Things have been a little off this week at our house.
Probably because I committed to blogging every day for a month. The universe laughs and pulls an ace card out of her sleeve.
Monday was the usual day after a holiday scenario with the housework and sugar buzz and I thought that was all. Tuesday we had to hit restart at 9:00, at 11:00, and again at 1:30 until I finally resigned myself to the fact that the big kids and I were like pinballs ricocheting off each other and that it would likely stay that way for the day. Wednesday was co-op and playtime with friends. Both Guthrie and Laithe cried multiple times throughout the day - at very odd times. And today has been non-stop bickering all. dang. day. The weird thing is that Juniper has been off too. But, I suspect that has a lot to do with finally figuring out how to crawl. Which is exhausting. For everyone.
I suspect the weather has a bit to do with it. Not only our first week of spring storms, but we're (happily) shifting to more outside time and less inside time. Every time we make this major transition it's like we forget how to do it. There's that, ok I want to be outside and playing but what exactly am I supposed to do out here.

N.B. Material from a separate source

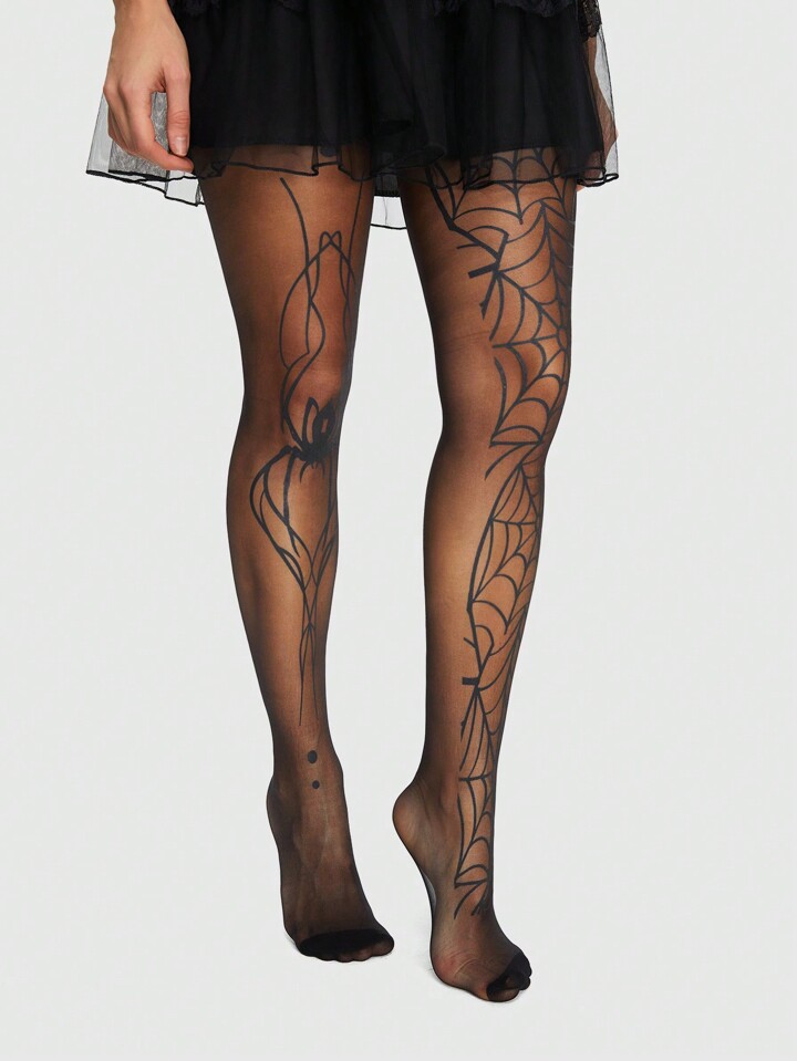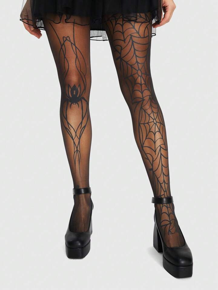 Goth 1 Paio Collant Neri Stampati Ragni Gotici Da Donna Per Tutte Le Stagioni

This would be a pain to deal with no matter what, but then there's the ok, where does school fit in here? And the inevitable flash of - crap! we can't take any more days "off" or we'll never get to have a summer break!
Every time though, once I'm done being annoyed that we're having one of those weeks, if I can find the wherewithal to shift gears and focus on the stuff that fills my kids up emotionally and steadies them then we can get back to the usual. And it's always a good reminder that we all need a day or two sometimes to steady ourselves.
Those basics are:
- free art
- sensory focused projects (cornmeal trays, clay, beans in a box. every time i think guthrie will outgrow that stuff i remember that i like playing in it too!)
- reading aloud chapter books
- structured free time
- and no screens (not everyone has the same experience as I do, but I find that when my kids are in the above mood screens mean an increase in fighting and a decrease in kindness. so, i cut them off completely)
I'm constantly grateful that I found so many resources about creating a steady home rhythm when my kids were tiny. I'm glad I listened to the voice that told me this is what my family needs. What I need too!
This afternoon is going loads better after a morning of the above stuff. Tonight is family art night so I'm crossing my fingers we only get a few tears!